For example, the functional blocks in the compression unit 11 are executed by using the hardware group 21 as follows. The function of the controlling unit 111 is provided, when the processor 301 accesses the RAM 302 (such as securing a storage area and loading a file), manages the processing status (such as the reading position and the writing position) in the register, and performs matching determination on the information held in the register. The function of the reading unit 113 is provided when the processor 301 accesses the RAM 302 according to the processing status in the register. The function of the searching unit 112 is provided when the processor 301 accesses the RAM 302 and performs collation determination based on the results of the access. The function of the writing unit 114 is provided when the processor 301 accesses the RAM 302 according to the processing status in the register.

For example, the functional blocks in the decompression unit 12 are executed by using the hardware group 21 as follows.

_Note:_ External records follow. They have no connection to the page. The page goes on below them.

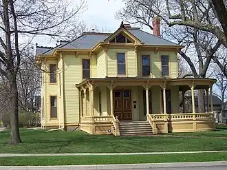 Sherman Hill took its name in the early 1970s, borrowed from the name of Hoyt Sherman Place, which is located in the southeast part of the neighborhood. In the early 1870s, Des Moines banker Hoyt Sherman built his brick "palazzo" on a hill overlooking the city center. He was followed by local developers such as Talmadge Brown, James Savery and W.C. Burton who laid out streets and lots in the first of seven subdivisions which now encompasses the district. The forty years of development saw the construction of late Victorian mansions, simple hipped box houses, the gable-roofed vernacular houses and small cottages. After 1900 multi-family apartment buildings were built in the district. It has the highest concentration of residential architecture from the late 19th-century and the early 20th-century in Des Moines.[2] Given the range of architecture and houses sizes it has also contained a variety of income levels over the years.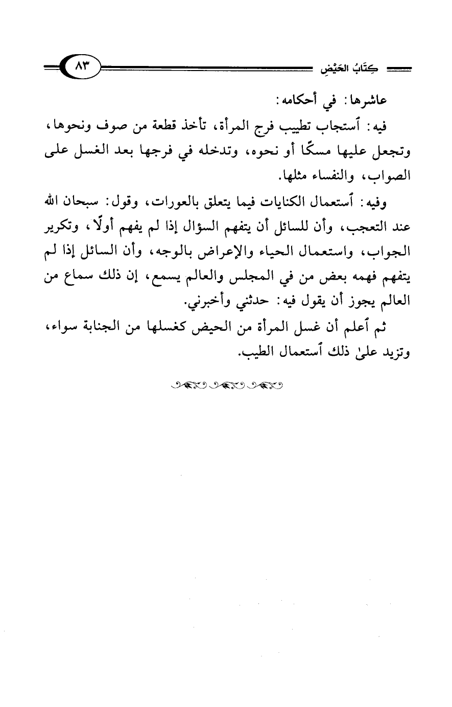 ثم اعلم أن غسل المرأة من الحيض كغسلها من الجنابة سواء، وتزيد على ذلك استعمال الطيب.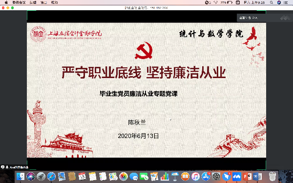 上好一堂特殊党课。首先,党总支书记吴明华以以学思践悟习近平新时代中国特色社会主义思想为主线,以“四史”学习教育为重点为毕业生上党课,勉励毕业生党员做到初心如磐、知史爱党、扬帆起航。院长、党总支副书记杨廷干以“牢记使命 向上向善”为题上专题党课,希望毕业生党员践行终生学习理念,做心怀感恩之人,不忘初心、砥砺前行。党总支副书记、副院长陈秋兰以“严守职业底线 坚持廉洁从业”为题上专题党课,希望同学们牢记立信校训,坚持廉洁从业。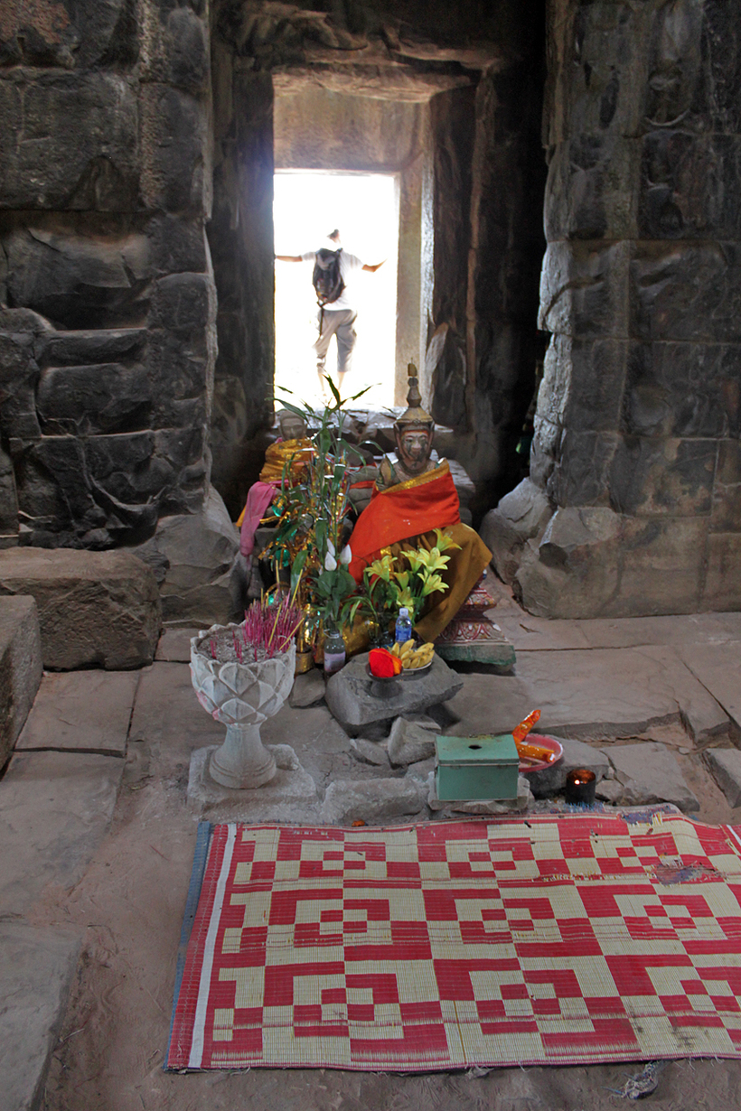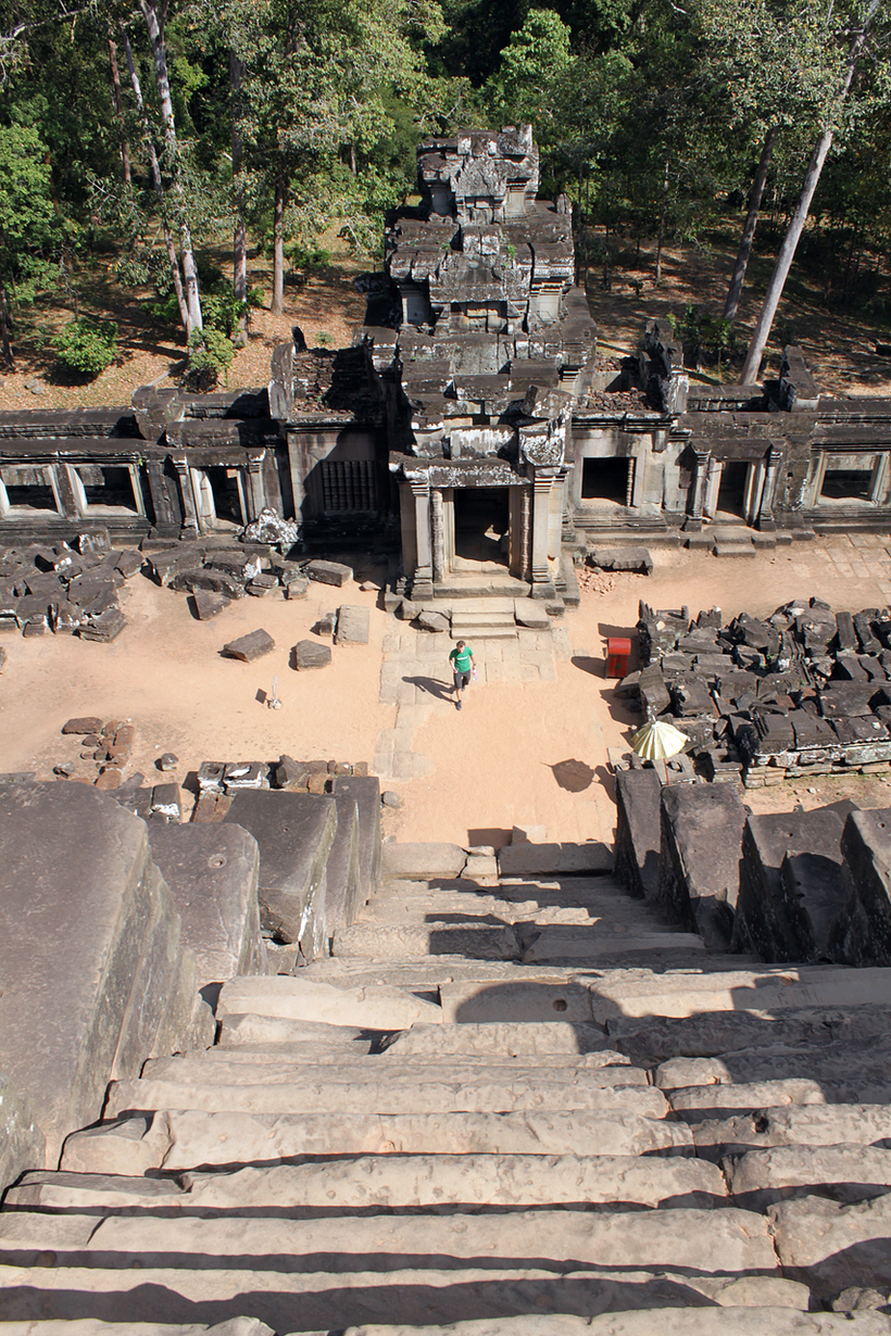 Лично меня также порадовало небольшое количество людей по сравнению с другими храмами. Хотя он находится на видном месте, прямо у дороги, примерно на полпути от Та Прома к Victory Gate Анкгор Тома. Но посетителей здесь меньше, это факт. Наверх поднимаются, вообще, единицы. Но их можно понять – по жаре карабкаться по узким и высоким ступеням удовольствие весьма сомнительное.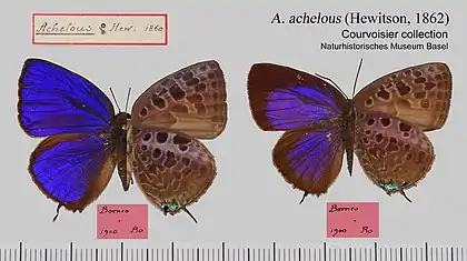 | For more multimedia, look at Arhopala achelous on Wikimedia Commons. |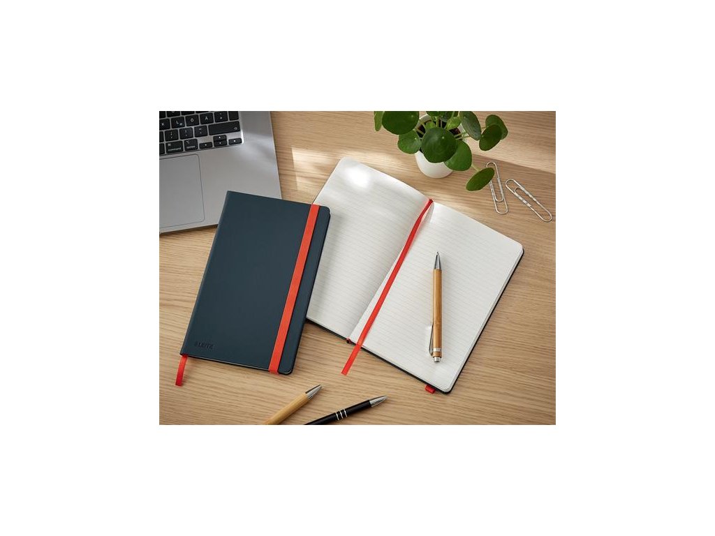 Záznamová kniha, A5, linajková, 80 listov, tvrdá obálka, LEITZ "Cosy Soft Touch", zamatová sivá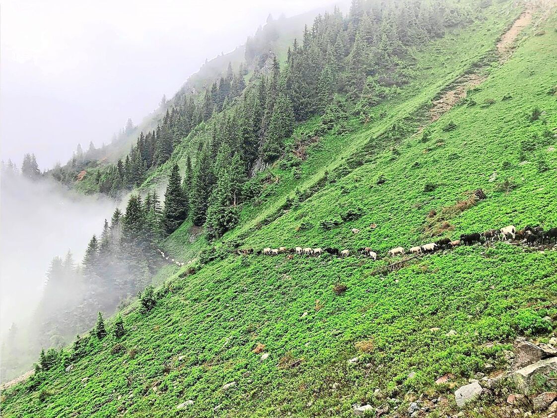 Mitte Juli: Immer wieder freue ich mich, zu sehen, wie die Herde im Morgennebel einer Perlenschnur gleich von der Nachtweide in Richtung Weidegebiet läuft. Meine Mithirtin und zwei Herdenschutzhunde laufen voraus, ich, drei Herdenschutzhunde und meine Hütehunde hinterher. In der Mitte: die Herde. Die Herde wie ein Wildbach Jedes Mal, wenn ich der Herde so zuschaue, fällt mir auf, dass sie sich wie Wasser verhält.…
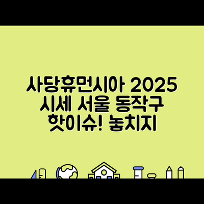 서울시 동작구 사당동의 아파트 시세를 이해하고 예측하는 데 도움이 되는 가이드를 제공합니다. 이 가이드는 2025년 11월 사당휴먼시아 아파트의 시세 분석을 기반으로 하고 있습니다.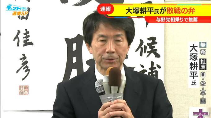 与野党相乗りの推薦を受けた大塚耕平氏(65)は「私の力不足と不徳の致すところ」「今後は名古屋の発展を祈りつつ、私もさらに努力して参りたい」と敗戦の弁を述べました。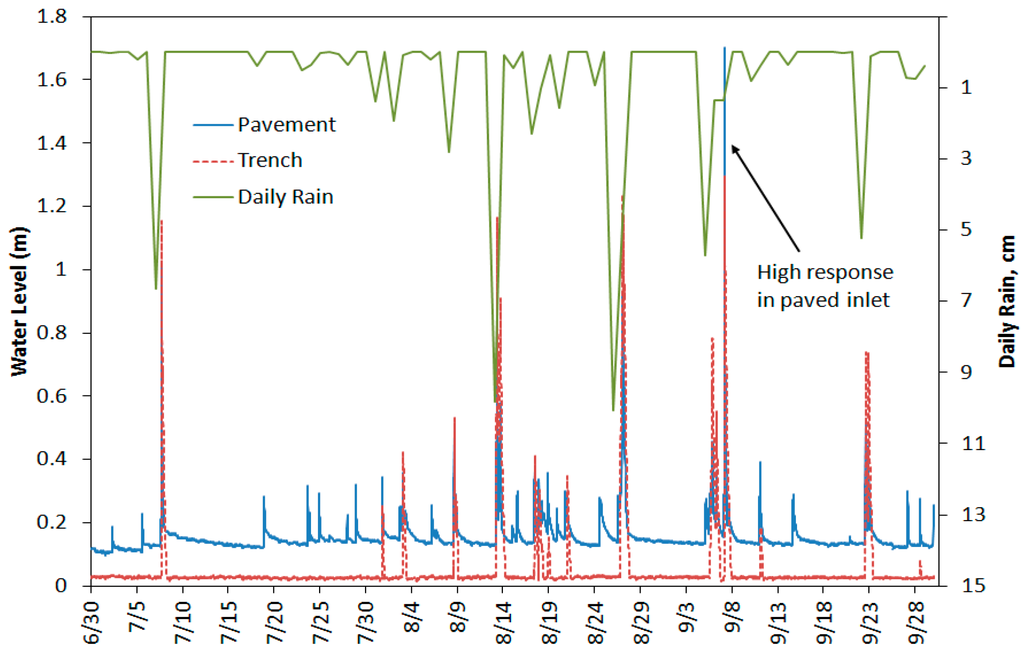 Water level response in parking lot infiltration trench and traditional storm pipe with a paved inlet. On 8 September 2011, the paved pipe had a higher response (see detail in Figure 6).
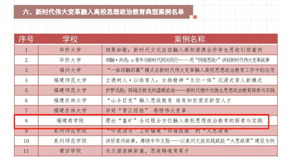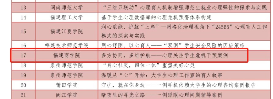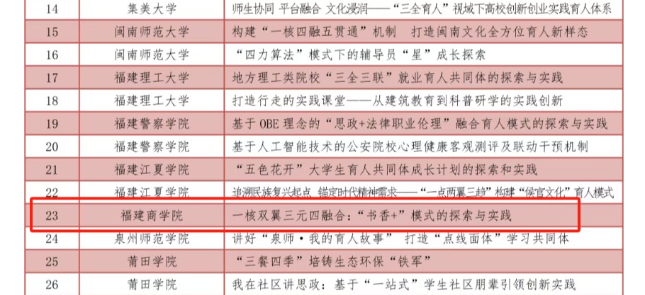 编者按:日前,省委教育工委日前公布2025年度福建省高校思想政治工作质量提升综合改革与精品建设项目入选名单。金年会项目《一核双翼三元四融合:“书香+”模式的探索与实践》入选高校思想政治工作精品项目名单,案例《多方协同,多维护航——心理关注学生危机干预案例》入选高校学生心理健康教育指导典型案例名单,案例《理论“富矿”全过程全方位融入高校思想政治教育的探索与实践》入选新时代伟大变革融入高校思想政治教育典型案例名单。原文链接如下。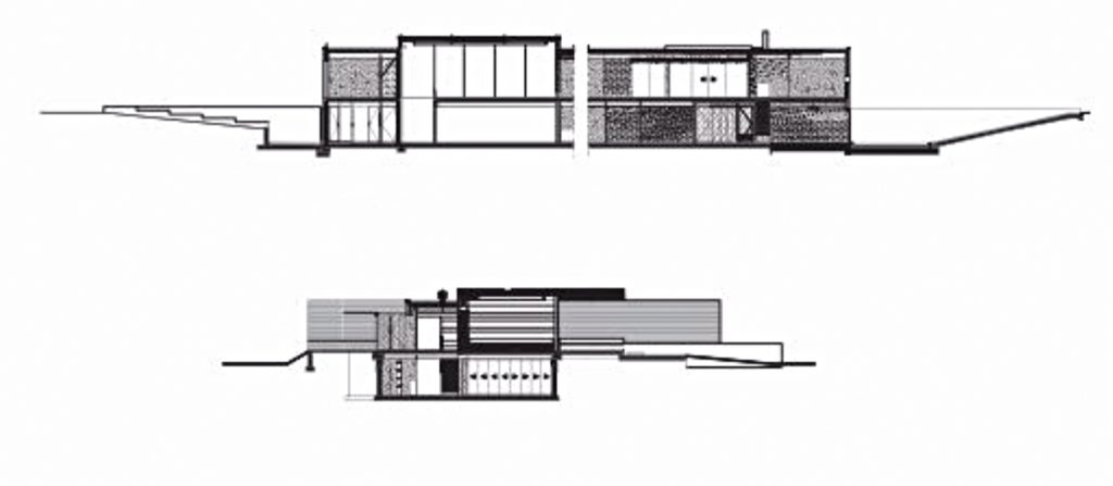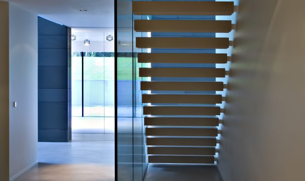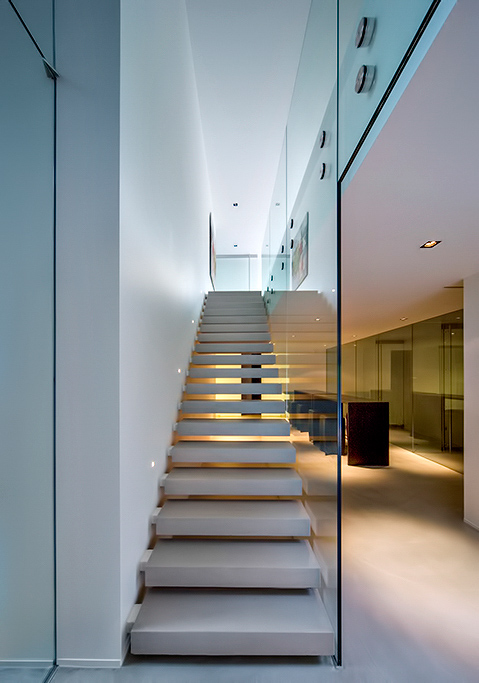 A vocabulary of overgenerous spaces encapsulates the interior with separate wings housing private and public realms. A rectangular living room separates the kitchen into one wing from the sleeping quarters in the other wing. The living room adjoins a large lounge terrace, surrounded by a white steel pergola. The unique forms and frames of the structure include the concrete steps of the stairs that seem to float, and embedded glass within the floor, without visible elements that hold it there as if it were invisible.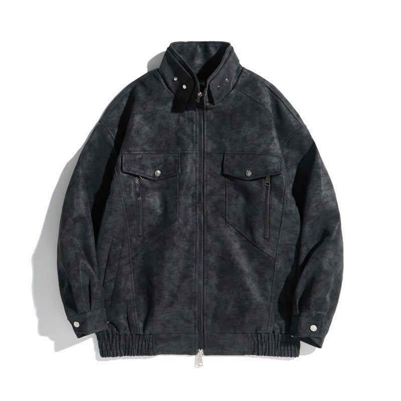 • Design Elements: Two front chest pockets with zippers, stand collar design, ribbed cuffs and hem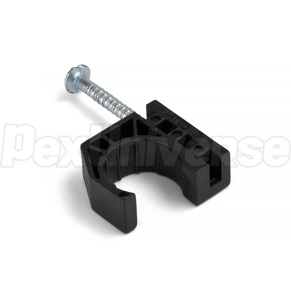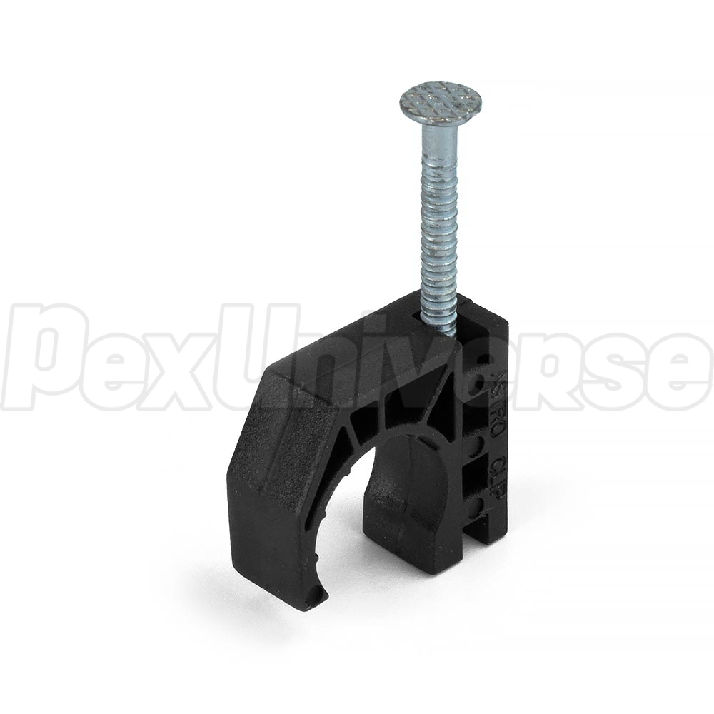 Tube Talons (J-Clamps) with Nail. Compatible with 1/2" PEX tubing, 1/2" copper pipes and 1/2" CPVC pipes. Can be used to secure tubing / piping to wooden surfaces,such as joists, studs, beams, subfloor, etc. Designed to offset the tubing from the mounting surface and eliminate or reduce noise problems associated with thermal changes in the plumbing/heating system. Protruding nail length (wood penetration depth) is 5/8".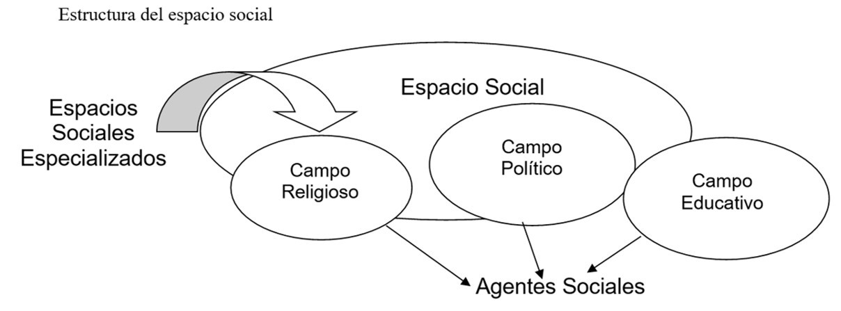 El esquema representa los campos que influyen en el individuo para su socialización acompañado cada uno de los campos con los elementos vitales para el desarrollo de un buen convivir en el espacio social.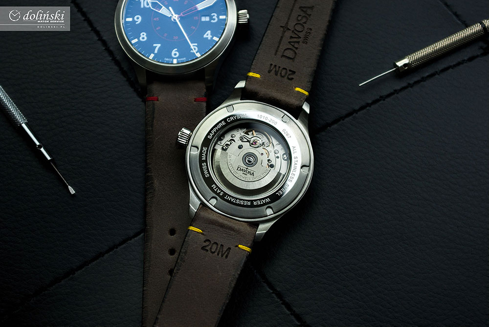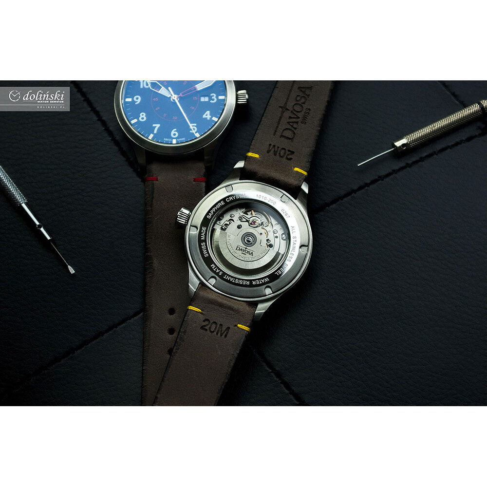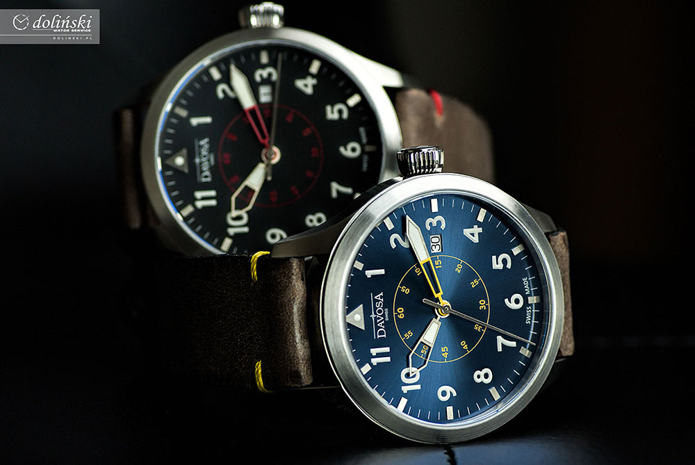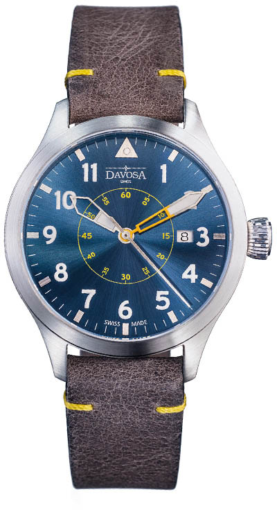Zegarek męski dla miłośników przestworzy, Davosa Neoteric Pilot Automatic. Koperta wykonana ze stali szlachetnej o średnicy 42 mm, ściśle zwarta w niej tacza oraz koronka do ustawiania czasu nadają temu niezwykłemu czasomierzowi niepowtarzalnego stylu, Pilot. Czytelny cyferblat w kolorze niebieskim z arabskimi indeksami posiada w samym centrum żółte indeksy minutowe. Trzy różne wskazówki, w tym wskazówka godzinowa i minutowa są częściowo wycięte. Minutowa wskazówka posiada wycięcie w dolnej części i jest obramowana żółtym kolorem, aby łatwo i szybko można było odczytać minuty. Wskazówka godzinowa posiada wycięcie w górnej części. Vintage-look, skórzany pasek nawiązuje do tradycji zegarków lotniczych.

The function of the controlling unit 121 is provided when the processor 301 accesses the RAM 302 (such as securing a storage area and loading a file), manages the processing status (such as the reading position and the writing position) in the register, and performs matching determination on the information held in the register. The function of the reading unit 123 is provided when the processor 301 accesses the RAM 302 according to the processing status in the register. The function of the searching unit 122 is provided, when the processor 301 accesses the RAM 302 and performs collation determination based on the results of the access. The function of the writing unit 124 is provided when the processor 301 accesses the RAM 302 according to the processing status in the register.

For example, the functional blocks in the generation unit 13 are executed by using the hardware group 21 as follows. The function of the controlling unit 131 is provided when the processor 301 manages the area of the RAM 302, accesses the RAM 302, and calls the routine according to the results of the routine processing. The function of the statistical unit 132 is provided when the processor 301 accesses the RAM 302 and performs arithmetic processing based on the results of the access. The function of the sort unit 134 is provided when the processor 301 accesses the RAM 302, and performs arithmetic processing based on the results of the access. The function of the assignment unit 133 is provided when the processor 301 performs arithmetic processing based on the access to the RAM 302.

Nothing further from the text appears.